Opinion : Cycliste happée par un camion

Elle avançait tout droit dans la vie

Il y a de ces nouvelles qui, bien qu’elles soient effroyables, sont presque devenues banales à Montréal : une voiture ou un camion qui renverse un piéton ou un cycliste.

Lorsque j’ai entendu la nouvelle il y a quelques jours, je me suis dit que c’était un autre cas typique, mais le lendemain, j’ai reçu un message bouleversant d’une de ses anciennes coéquipières : c’était Justine qui était sous ce camion qui tournait à droite au mauvais moment…

Je ne suis pas son père. Ni son ami. En fait, je dois rectifier : je n’étais pas son père ni son ami. J’ai été son entraîneur de basketball et son directeur de niveau. Je l’ai côtoyée étroitement pendant deux ans dans un contexte éducatif et elle a contribué, avec ses coéquipières, à faire de ces moments une expérience professionnelle enivrante.

Je sais très bien que notre travail d’éducateur implique que l’on accepte de voir partir naturellement nos élèves ou nos joueurs afin qu’ils puissent vivre leur vie, mais je ne peux cesser de penser que pendant qu’elle était sur le terrain et que j’étais sur le banc, il ne lui restait même pas une décennie à vivre. Quelle tristesse !

Il n’y a pas plus triste sentiment pour un éducateur que d’apprendre que ceux qu’il a éduqués n’ont pu profiter de ce qui leur a été légué. En ce sens, c’est un vide qui ne pourra jamais être comblé.

Justine était une force tranquille et une joueuse d’équipe. Sur le terrain, elle jouait avec intensité et avec passion.

Ses coéquipières vous confirmeront qu’elle n’avait pas froid aux yeux. Si elle se transformait en bête sur le terrain, elle était une élève modèle pendant son quotidien scolaire. Assidue, elle avait de bons résultats scolaires et, bien plus important encore, elle était appréciée du reste de ses compagnons de classe. Elle était vouée à un bel avenir.

Je ne suis pas urbaniste. Ce que je sais, cependant, c’est que le réseau routier n’a pas été pensé pour autant de véhicules en circulation et encore moins pour la cohabitation de ces derniers avec d’autres modes de transport alternatifs : piétons, vélos, planches à roulettes, etc.

Je ne suis pas politicien non plus, mais quand j’entends les élus montréalais se blâmer mutuellement pour la mort accidentelle d’une jeune femme, je ne peux m’empêcher de me dire que pendant qu’ils s’invectivent à la mémoire d’une personne qu’ils ne connaissent pas, ils demeurent dans l’inaction.

RÉNOVER LA SOCIÉTÉ

Je suis enseignant de formation.
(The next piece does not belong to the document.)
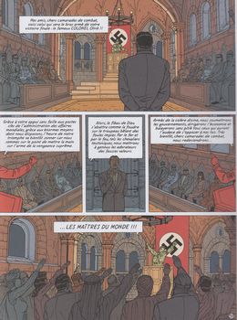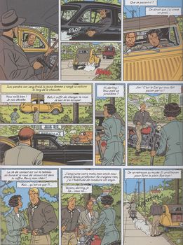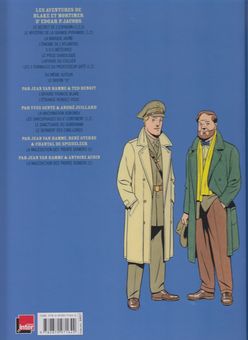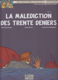 remarques: | édition originale novembre 2009, 56 pages sous-titre: le manuscrit de Nicodemus n.b. René Sterne avait pris la succession de Benoit comme dessinateur des aventures de Blake et Mortimer, malheureusement peu de temps après, Sterne meurt subitement en 2006 et ce sera son épouse qui finira le graphisme assistée de deux collègues de Van Hamme - suite à un tremblement de terre au Péloponnèse (zone sismique de Magne) un jeune berger découvre une crypte ancienne - au pénitencier de Jacksonville où Olrik purge sa peine après l'épisode de "l'étrange rendez-vous", des inconnus organisent son évasion par hélicoptères - le FBI demande l'aide de Blake pour retrouver les traces d'Olrik alors que Mortimer est invité à participer à des recherches archéologiques en Grèce - Olrik se réveille sur le yacht "Arax" et retrouve son complice Jack, le tueur de la grande pyramide, c'est l'homme d'affaire Beloukian (quelque ressemblance avec Onassis) qui a fait évader Olrik pour mettre en branle un grand projet >> p. 10 Olrik et son fume-cigarette ou porte-cigarette qui peut aussi être un étui pour contenir des cigarettes - de son côté, Mortimer est réceptionné à l'aéroport d'Athènes par Eleni Philippidès, nièce et assistante du professeur Markopoulos >> p. 11 Mortimer qui a troqué son vieux manteau de la marque jaune contre un chapeau et un imperméable plus moderne qui lui tombe presque jusqu'aux pieds >> p. 12 et déjà la petite 2 CV Citroen d'Eleni est poursuivi par une Lincoln noire - puis Mortimer, arrivé chez le prof. Markopoulos, assiste à un cambriolage, reprend la moto du fiancé d'Eleni pour rattraper la Lincoln et récupérer un coffret qui ne contient qu'un denier d'argent à l'effigie de Tiberius Caesar Augustus (mais quel denier) - entrée en scène de l'inspecteur Kamantis (similitude avec l'inspecteur Kendall) pour les besoins de l'enquête - entretemps au FBI, Blake avec Calloway, chef de service et la jeune indienne Jessie Wingo (une ancienne connaissance) réussissent à identifier l'auteur de l'évasion d'Olrik: l'armateur arménien Beloukian (en fait l'ancien Standartenführer SS Rainer von Stahl qui aurait bénéficié du trésor nazi pour s'enrichir) >> p. 20 un bélinographe = appareil permettant la transmission à distance d'images fixes, notamment de photographies (on est alors en 1955 et le telex n'est pas encore d'actualité) >> p. 22 la question à cinq dollars (l'expression est de l'époque, actuellement ce serait plutôt bon marché) >> p. 23 le rocher de Gibraltar et Olrik dessiné de façe et de profil >> p. 24/25 l'histoire du reliquaire (coffret) que recherche Markopoulos, tout comme d'ailleurs Beloukian avec Olrik, = symbole de puissance = un genre de Graal - mention aussi de Judas Iscariote qui ne serait pas mort pendu (la corde ayant cédé), mais qui erra autour de la Méditerranée et qui fut recueilli par un groupe de chrétiens sur une île isolée - à sa mort, il fut enterré avec ses 30 deniers, mais le jeune chrétien qui devait lui préparer une sépulture n'a pas pu s'empêcher de garder pour lui un denier et ce serait ainsi attiré la malédiction de Dieu - Beloukian, lui, pense que ce reliquaire pourrait avec les 30 deniers pourrait devenir une arme puissante qui le ferait devenir maître du monde et du mal, mais pour retrouver l'île, il faut trouver le manuscrit de Nicodemus qui a consigné par écrit l'histoire de ce denier >> p. 29 le fameux denier ou statère - mais à Athènes, Mortimer est déjà agressé par Kostas, un homme de main de Beloukian >> p. 33 la bousculade des clients de l'hôtel réveillés en pleine nuit par un incendie factice >> p. 34 Mortimer sauvé par sa pantoufle >> p. 37 étude sur Judas Iscariote qui aurait vendu Jesus par dépit, car Jesus prêchait la paix alors que Judas étant zélote (homme du couteau) aurait voulu que Jesus appelle à la rebellion armée contre les envahisseurs romains >> p. 39 le congrès nazi dans un château grec orchestré par Beloukian auquel assiste Olrik - et en recherchant le manuscrit de Nicodemus, Mortimer parvient à reprendre la partie principale du manuscrit dérobée par Olrik, déguisé en pope orthodoxe, à un jeune berger qui l'avait gardé pour le revendre - l'identité de l'île est découverte, c'est l'île de Syrenios, mais peu après nos amis tombent dans le piège dressé par Beloukian et Olrik - le professeur Markopoulos et sa nièce sont pris en otage alors que Mortimer est abandonné par Olrik sur un dinghy sans rame ni provision d'eau en plein milieu de la Méditerranée >> une histoire extravagante mais basée sur des éléments historiques, un récit également bien documenté avec un bon développement et un graphisme par Sterne qui garde un certain charme annexes - 1er et 4ème plat de l'album EO - détail de vignette - deux pages extraites de l'album - 4ème plat et page de garde de réédition (2014) pour bibliophiles, avec la même couverture que l'album EO Information - la malédiction des trente deniers est une histoire scénarisée par Jean Van Hamme et dessinée par René Sterne, Chantal De Spiegeleer et Antoine Aubin - l’intrigue se situe en Grèce et tourne autour de Judas Iscariote, l’apôtre qui céda à la tentation de livrer Jésus à ses détracteurs - l'aventure commence par l'évasion d'Olrik, détenu dans un pénitencier américain à la suite de sa capture dans l'étrange rendez-vous. - l'album a été annoncé peu de temps après la sortie de l'étrange rendez-vous, en 2001; il devait à l'origine être dessiné par Ted Benoit (déjà auteur de deux albums de la série) et sortir après le diptyque des sarcophages du 6ème continent réalisé par l'autre équipe d'auteurs travaillant sur la série - après le désistement de Ted Benoit, plus très enthousiaste à l'idée de tenir un projet de si longue haleine (il avait mis 5 ans à terminer l'étrange rendez-vous, et la réalisation d'un diptyque allait don
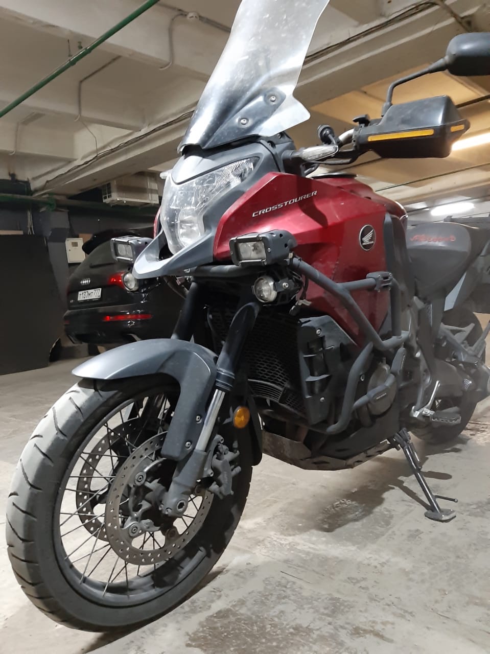 Две пары противотуманных фар, защитные дуги со слайдерами, розетки прикуривателя и USB(два гнезда), подогрев ручек и сидения, защита рукояток, центральная подножка, слайдер на глушителе, защита радиатора, удлинитель переднего крыла, багажник под кофр(кофр givi trekker outback 60 л.), боковые рамки под кофры(2 кофра givi по 29 л. с сумками.), сумка под инструмент под багажником, защитная прозрачная плёнка на баке, перешитое заниженное седло, сигнализация с обратной связью StarLine, набачная сумка givi, крепление под навигатор МТ 4302 с питанием( навигатор в комплекте), расширитель боковой подножки, защита двигателя.

Mon travail consiste, entre autres, à construire ou rénover les fondements de notre société. Le travail des urbanistes et des politiciens est complémentaire au mien : ils doivent bâtir ou rénover les infrastructures sur lesquelles cette société repose.

Bien malheureusement, Justine aura été la plus récente victime de cette incongruité entre la société que le monde scolaire et familial s’efforce de bâtir et celui dans lequel nos jeunes s’installent à la fin de leurs études.
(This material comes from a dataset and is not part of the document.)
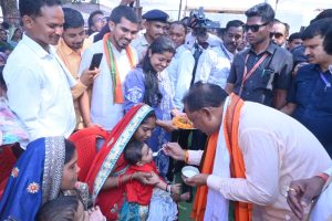 उन्होंने सभी से आवास प्लस प्लस सर्वे में शामिल होने का आग्रह किया। श्री साय ने कहा कि हमारी सरकार ने 3100 रूपये प्रति क्विंटल की दर से धान खरीदी, धान के बकाया बोनस की राशि देने और महतारी वंदन योजना के माध्यम से प्रदेश की माताओं -बहनों को आर्थिक संबल देने का काम किया है। मुख्यमंत्री ने कहा कि रामलला दर्शन योजना और मुख्यमंत्री तीर्थ दर्शन योजना के माध्यम से हम अपने प्रदेशवासियों और वृद्धजनों को तीर्थ यात्रा करवा रहे हैं। श्री साय ने शासन की जनकल्याणकारी योजनाओं की जानकारी साझा करते हुए अधिक से अधिक लोगों को इसका लाभ लेने को कहा। मुख्यमंत्री ने विभिन्न योजनाओं के हितग्राहियों को वितरित की सामग्री।

Autrement dit, nous les protégeons tout ce temps et une fois qu’ils quittent le nid familial, nos jeunes doivent assurer leur propre protection et, évidemment, nous devons nous fier aux autres membres de notre société afin qu’à leur tour, dans l’espace d’un court moment inopiné de rencontre anonyme, ils agissent en toute prudence.

C’est certainement un cliché d’écrire que Justine est partie trop tôt. Au moins, je me rassure en présumant qu’elle a vécu ses années adultes avec autant de passion qu’elle aura joué ses matchs de basketball et qu’elle aura toujours su s’entourer de personnes aimantes et respectueuses.

À ce feu de circulation de la rue d’Iberville, elle aura choisi d’aller tout droit alors que d’autres tournaient. Cela lui aura été fatal, mais combien représentatif de sa personnalité de fille fonceuse, qui avance tout droit dans la vie.